- Work request -
All entries are to be reproduced exactly; the pictures are to be omitted.

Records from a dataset
*** Begin section ***
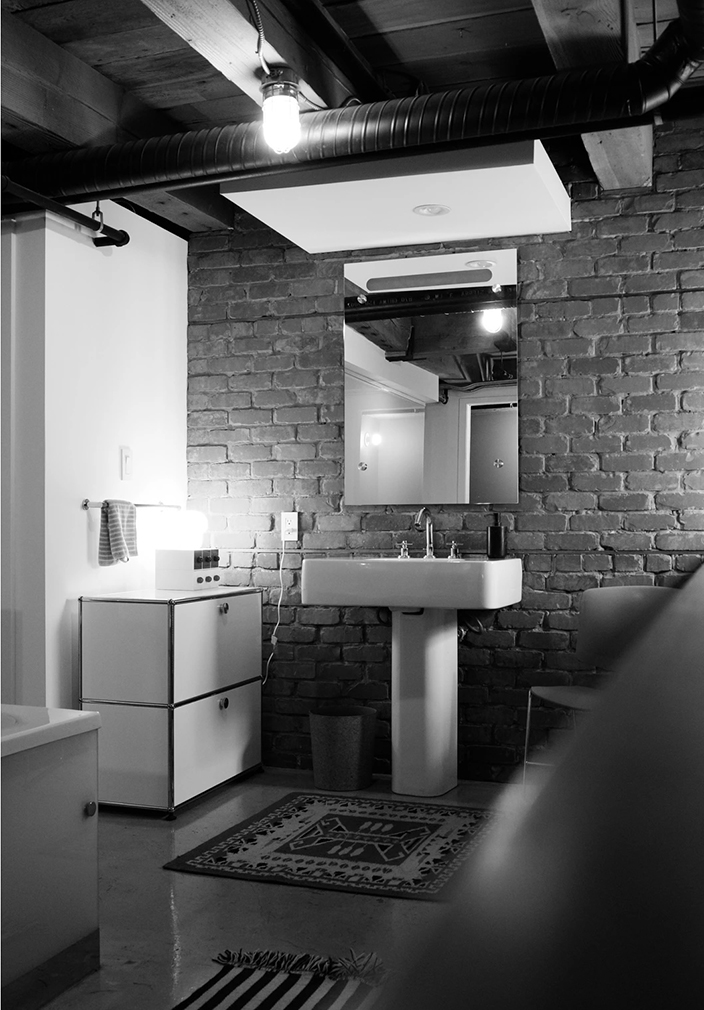A kitchen and millwork by Alda Pereira are positioned on the main floor alongside a Duravit bathroom. Custom architectural metalwork introduces division and privacy while maintaining sightlines across the space. Lighting is arranged through suspended fixtures scaled to the height of the room, including pieces by Herman Miller, Louis Poulsen and Danese Milano.
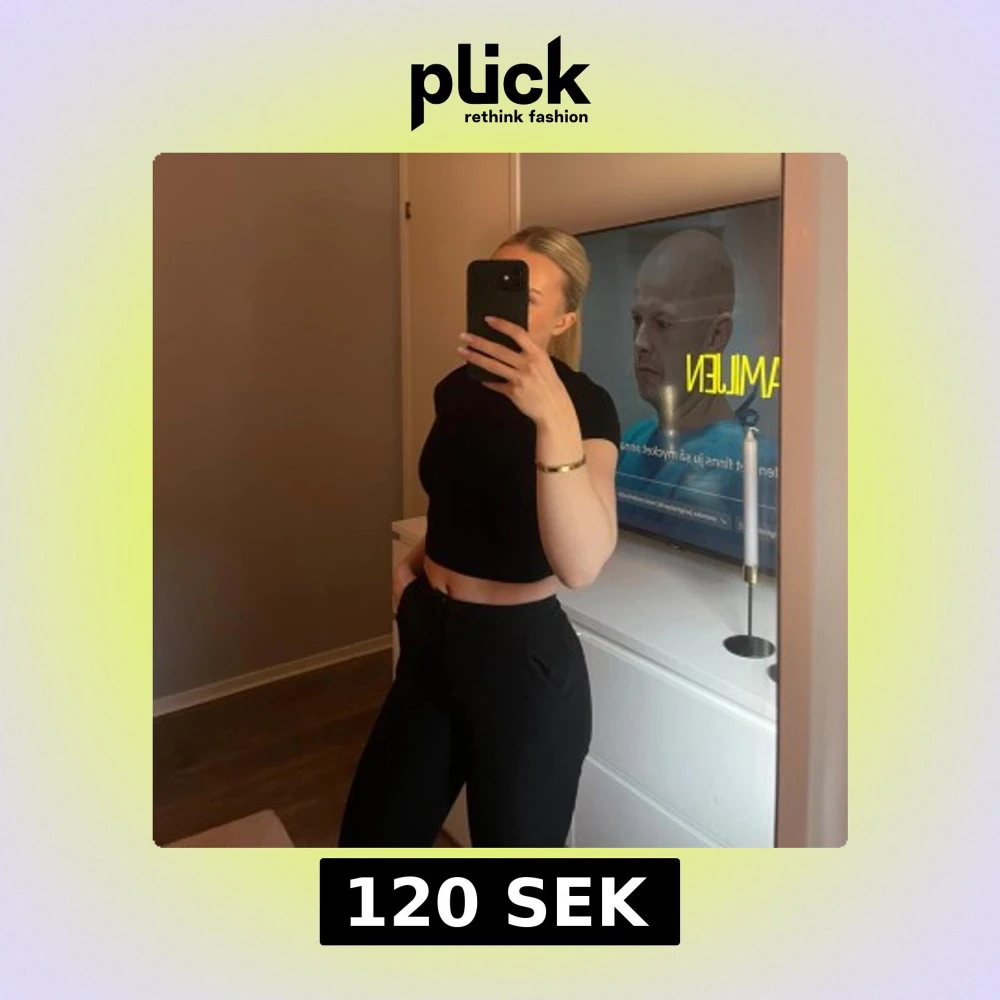 Snygg svart croppad t-shirt i ett tjockare material. Väldigt enkel och stilren så passar till det mesta. 💗
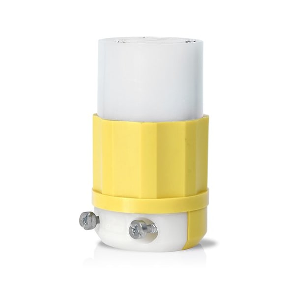 Locking Connector, L5-30R, 30 A, 125V AC, 2 Pole, Screw Terminals, White, Yellow
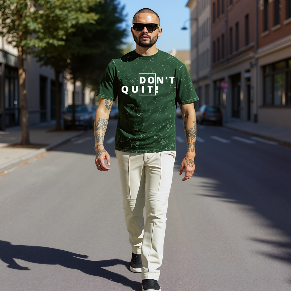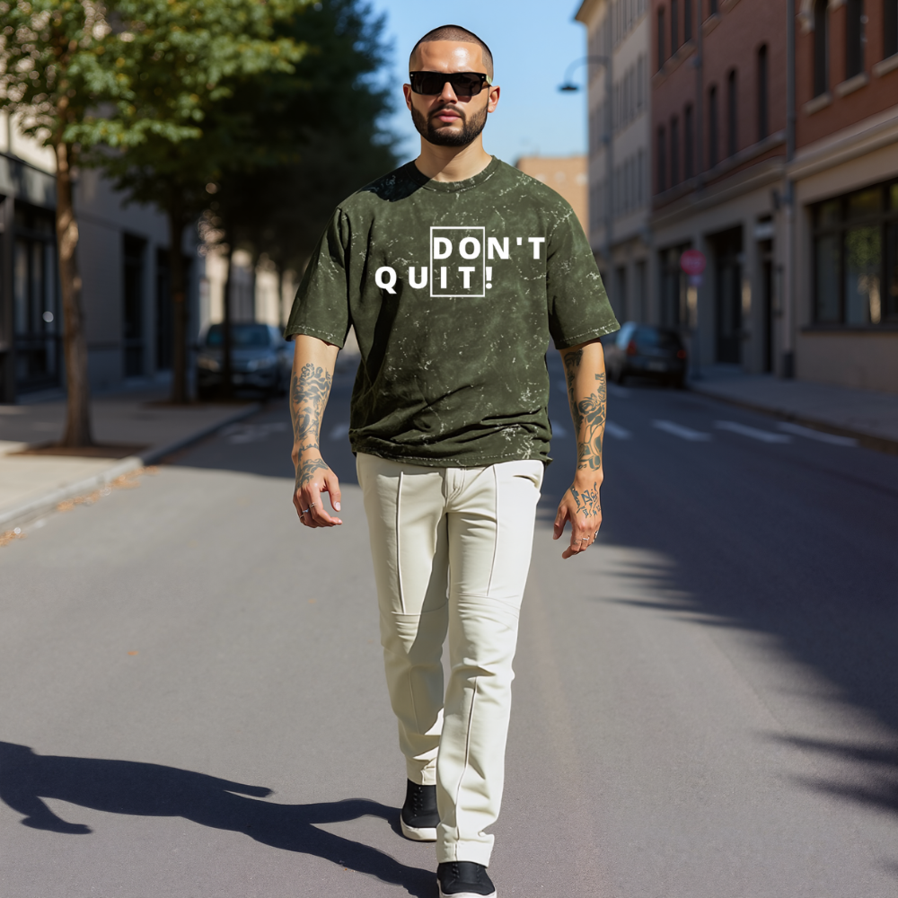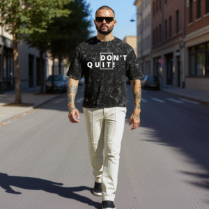 Designed with a rugged acid wash finish, this black oversized t-shirt features the striking “DON’T QUIT” split-box print, igniting power with every step.
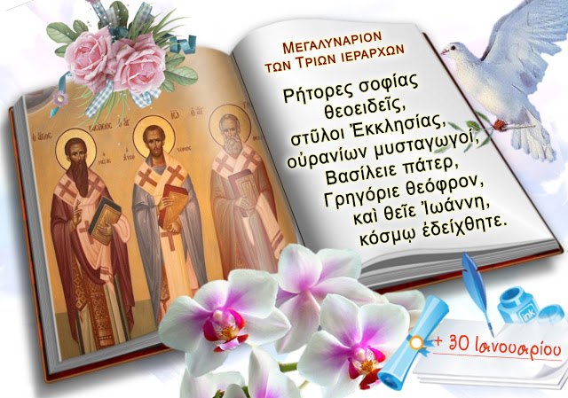 Σε μία εποχή στην οποία τα πάντα εξελίσσονται με ταχύτατους ρυθμούς, ας μην ξεχνούμε τα μηνύματα των Τριών Ιεραρχών και ας μην ξεχνούμε να συνδυάζουμε τη γνώση με την αρετή, την πρόοδο στην επιστήμη και την τεχνολογία με την αγάπη και τη φροντίδα για τον συνάνθρωπο, με την αλληλεγγύη και τη συμπαράσταση σε κάθε άνθρωπο που έχει ανάγκη η χρειάζεται βοήθεια. Γιατί η αληθινή γνώση είναι αυτή που μεταλαμπαδεύει το φως του Χριστού! Τιμώντας κυρίως φέτος τους τρεις μεγάλους Ιεράρχες και φωστήρες, τους προστάτες αγίους της Ελληνικής και Χριστιανικής παιδείας, τον Μέγα Βασίλειο, τον Γρηγόριο τον Θεολόγο και τον Ιωάννη τον Χρυσόστομο, οι οποίοι με το φως που σκόρπισαν με τη ζωή και τα έργα τους φώτισαν την ανθρωπότητα σε μία δύσκολη και μεταβατική εποχή, δεν μπορούμε παρά να στρέψουμε το βλέμμα μας και στους διδασκάλους του Γένους μας, οι οποίοι στα δύσκολα χρόνια της σκλαβιάς, εμπνεόμενοι από το παράδειγμα των Τριών Ιεραρχών, μεταλαμπάδευσαν τις αρχές και τις αξίες της Ελληνικής και της Χριστιανικής Παιδείας στους μαθητές τους, φώτισαν με αυτές τις ψυχές τους και τις προετοίμασαν για τον μεγάλο ξεσηκωμό του Γένους μας το 1821.
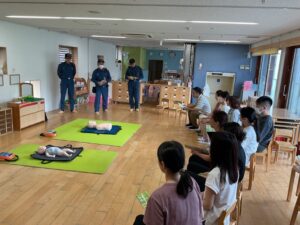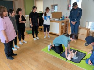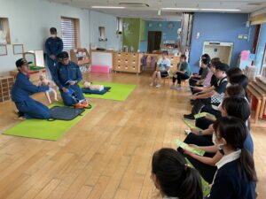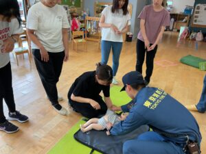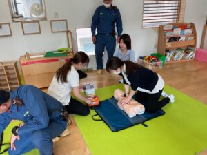 消防士さんから赤ちゃんや幼児向けの応急救護のやり方を聞いて、人形を使って実践しました。職員で協力をしながら心臓マッサージをしたり、AEDを使いました。今日学んだ事を忘れずに、日々の保育も安全に過ごせるように努力していきたいと思います。
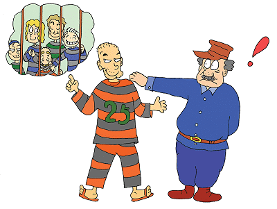 Le surveillant d'une prison se sentait désolé pour un des détenus car chaque week-end pour la journée des visites, la plupart des prisonniers rencontraient des membres de leur famille et des amis, mais le pauvre Georges était toujours assis seul dans sa cellule. Ainsi lors d'une journée des visites, le surveillant a appelé Georges à son bureau et a dit : « Je remarque que vous n'avez jamais eu de visiteurs, Georges. » Compatissant, il mit sa main sur l'épaule de Georges. « Dites-moi, vous n'avez pas d'amis ou de famille ? » Georges répondit : « Oh, si bien sûr, mais ils sont tous ici ! »
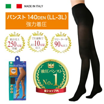 【着圧弾性ストッキング】メディカルステイフィット パンスト140デニール LL-3L ブラック 【強力着圧 レディース 上級者向け 】
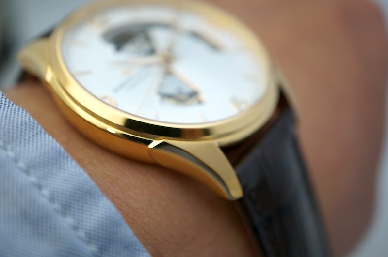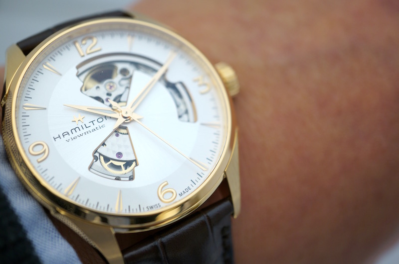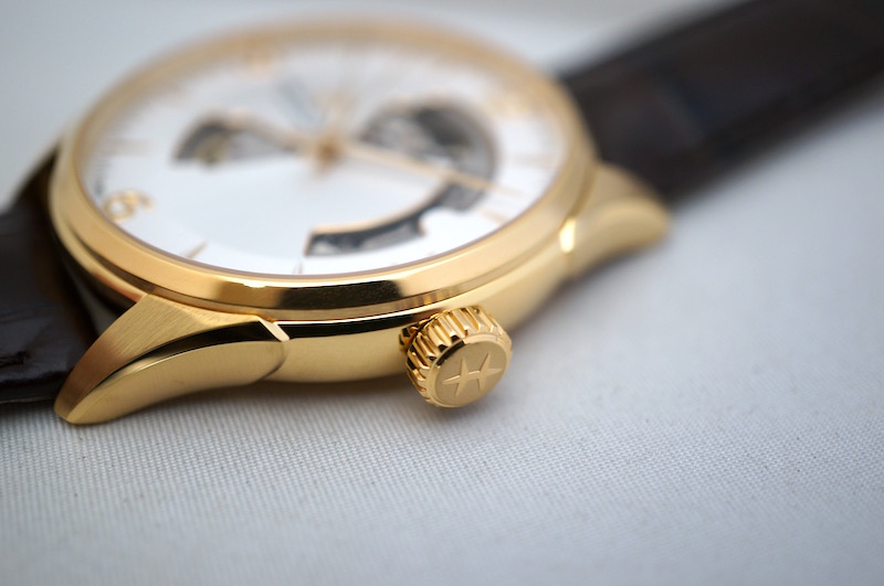 国内正規品ハミルトン ジャズマスタオープンハート42ミリ ピンクゴールド ブラウンカーフストラップ H32735551
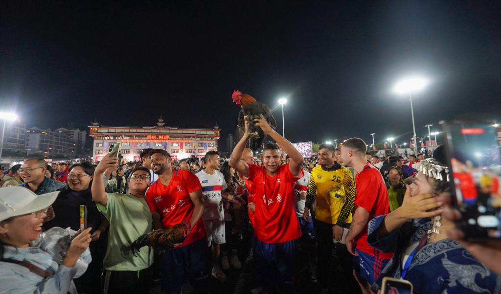 10月4日,在贵州“村超”球场,巴西圣保罗高桥足球队球员与现场球迷和游客互动。
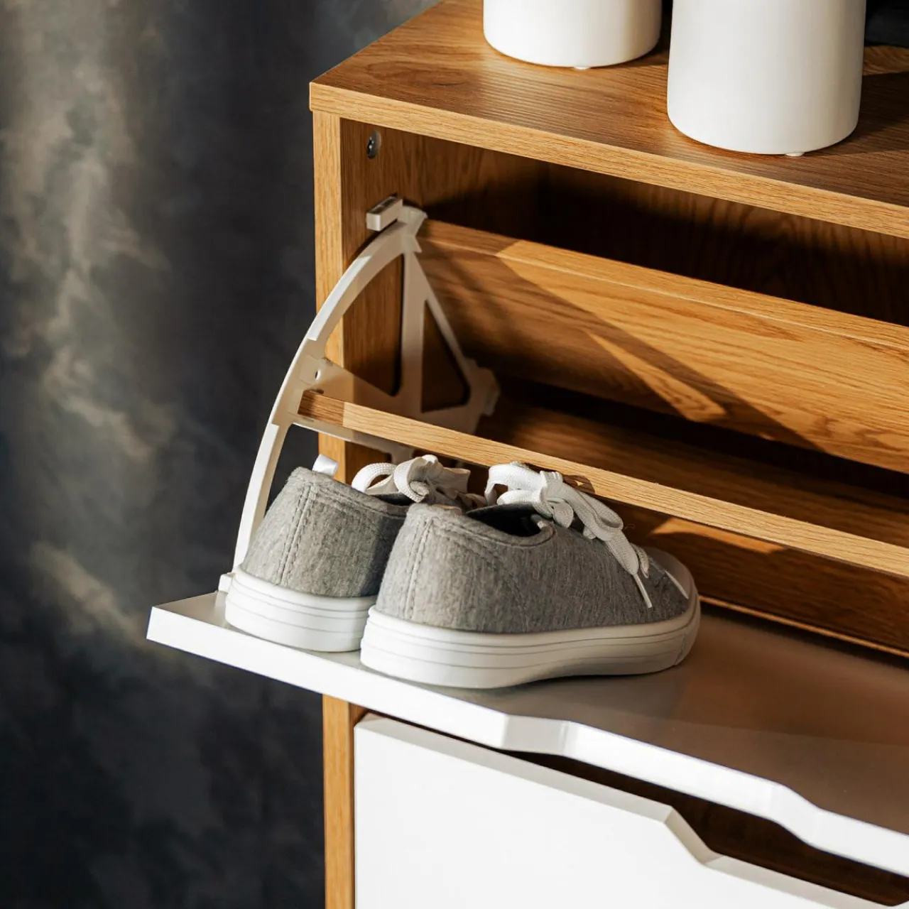- 3 uchylane wnęki pozwolą Ci uporządkować w szeregu pary butów.
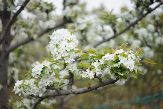 4月正是梨花盛开时节,远远望去,那一簇簇雪白的梨花,如团团云絮,漫卷轻飘。
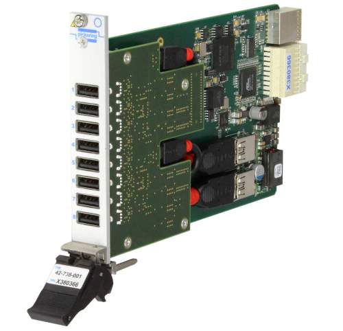USB 2.0 Hub (model 42-738) is a single-slot 3U PXIe module that combines an 8-port USB 2.0 hub and USB data/power switching to provide a controlled connection between the backplane and USB products. Each port can connect and disconnect the power and data paths separately, simulating various connection faults.
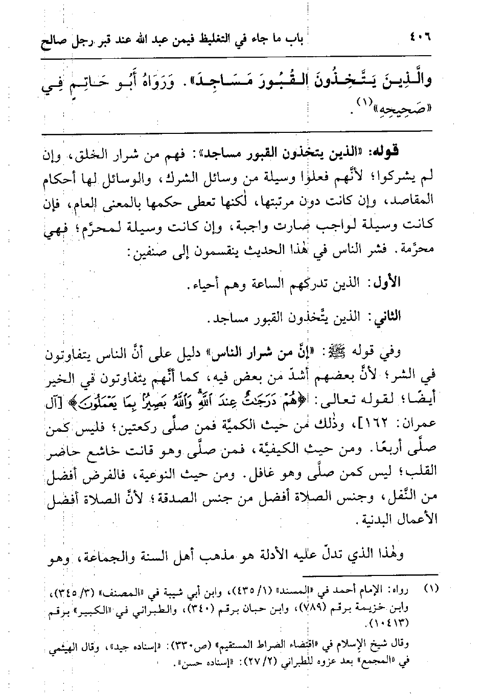 والذين يتخذون القبور مساجد " ورواه أبو حاتم في " صحيحه1 ".
*** End section ***
- Answer to this problem -
A kitchen and millwork by Alda Pereira are positioned on the main floor alongside a Duravit bathroom. Custom architectural metalwork introduces division and privacy while maintaining sightlines across the space. Lighting is arranged through suspended fixtures scaled to the height of the room, including pieces by Herman Miller, Louis Poulsen and Danese Milano.
 Snygg svart croppad t-shirt i ett tjockare material. Väldigt enkel och stilren så passar till det mesta. 💗
 Locking Connector, L5-30R, 30 A, 125V AC, 2 Pole, Screw Terminals, White, Yellow
 Designed with a rugged acid wash finish, this black oversized t-shirt features the striking “DON’T QUIT” split-box print, igniting power with every step.
 Σε μία εποχή στην οποία τα πάντα εξελίσσονται με ταχύτατους ρυθμούς, ας μην ξεχνούμε τα μηνύματα των Τριών Ιεραρχών και ας μην ξεχνούμε να συνδυάζουμε τη γνώση με την αρετή, την πρόοδο στην επιστήμη και την τεχνολογία με την αγάπη και τη φροντίδα για τον συνάνθρωπο, με την αλληλεγγύη και τη συμπαράσταση σε κάθε άνθρωπο που έχει ανάγκη η χρειάζεται βοήθεια. Γιατί η αληθινή γνώση είναι αυτή που μεταλαμπαδεύει το φως του Χριστού! Τιμώντας κυρίως φέτος τους τρεις μεγάλους Ιεράρχες και φωστήρες, τους προστάτες αγίους της Ελληνικής και Χριστιανικής παιδείας, τον Μέγα Βασίλειο, τον Γρηγόριο τον Θεολόγο και τον Ιωάννη τον Χρυσόστομο, οι οποίοι με το φως που σκόρπισαν με τη ζωή και τα έργα τους φώτισαν την ανθρωπότητα σε μία δύσκολη και μεταβατική εποχή, δεν μπορούμε παρά να στρέψουμε το βλέμμα μας και στους διδασκάλους του Γένους μας, οι οποίοι στα δύσκολα χρόνια της σκλαβιάς, εμπνεόμενοι από το παράδειγμα των Τριών Ιεραρχών, μεταλαμπάδευσαν τις αρχές και τις αξίες της Ελληνικής και της Χριστιανικής Παιδείας στους μαθητές τους, φώτισαν με αυτές τις ψυχές τους και τις προετοίμασαν για τον μεγάλο ξεσηκωμό του Γένους μας το 1821.
 消防士さんから赤ちゃんや幼児向けの応急救護のやり方を聞いて、人形を使って実践しました。職員で協力をしながら心臓マッサージをしたり、AEDを使いました。今日学んだ事を忘れずに、日々の保育も安全に過ごせるように努力していきたいと思います。
 Le surveillant d'une prison se sentait désolé pour un des détenus car chaque week-end pour la journée des visites, la plupart des prisonniers rencontraient des membres de leur famille et des amis, mais le pauvre Georges était toujours assis seul dans sa cellule. Ainsi lors d'une journée des visites, le surveillant a appelé Georges à son bureau et a dit : « Je remarque que vous n'avez jamais eu de visiteurs, Georges. » Compatissant, il mit sa main sur l'épaule de Georges. « Dites-moi, vous n'avez pas d'amis ou de famille ? » Georges répondit : « Oh, si bien sûr, mais ils sont tous ici ! »
 【着圧弾性ストッキング】メディカルステイフィット パンスト140デニール LL-3L ブラック 【強力着圧 レディース 上級者向け 】
 国内正規品ハミルトン ジャズマスタオープンハート42ミリ ピンクゴールド ブラウンカーフストラップ H32735551
 10月4日,在贵州“村超”球场,巴西圣保罗高桥足球队球员与现场球迷和游客互动。
- 3 uchylane wnęki pozwolą Ci uporządkować w szeregu pary butów.
 4月正是梨花盛开时节,远远望去,那一簇簇雪白的梨花,如团团云絮,漫卷轻飘。
USB 2.0 Hub (model 42-738) is a single-slot 3U PXIe module that combines an 8-port USB 2.0 hub and USB data/power switching to provide a controlled connection between the backplane and USB products. Each port can connect and disconnect the power and data paths separately, simulating various connection faults.
 والذين يتخذون القبور مساجد " ورواه أبو حاتم في " صحيحه1 ".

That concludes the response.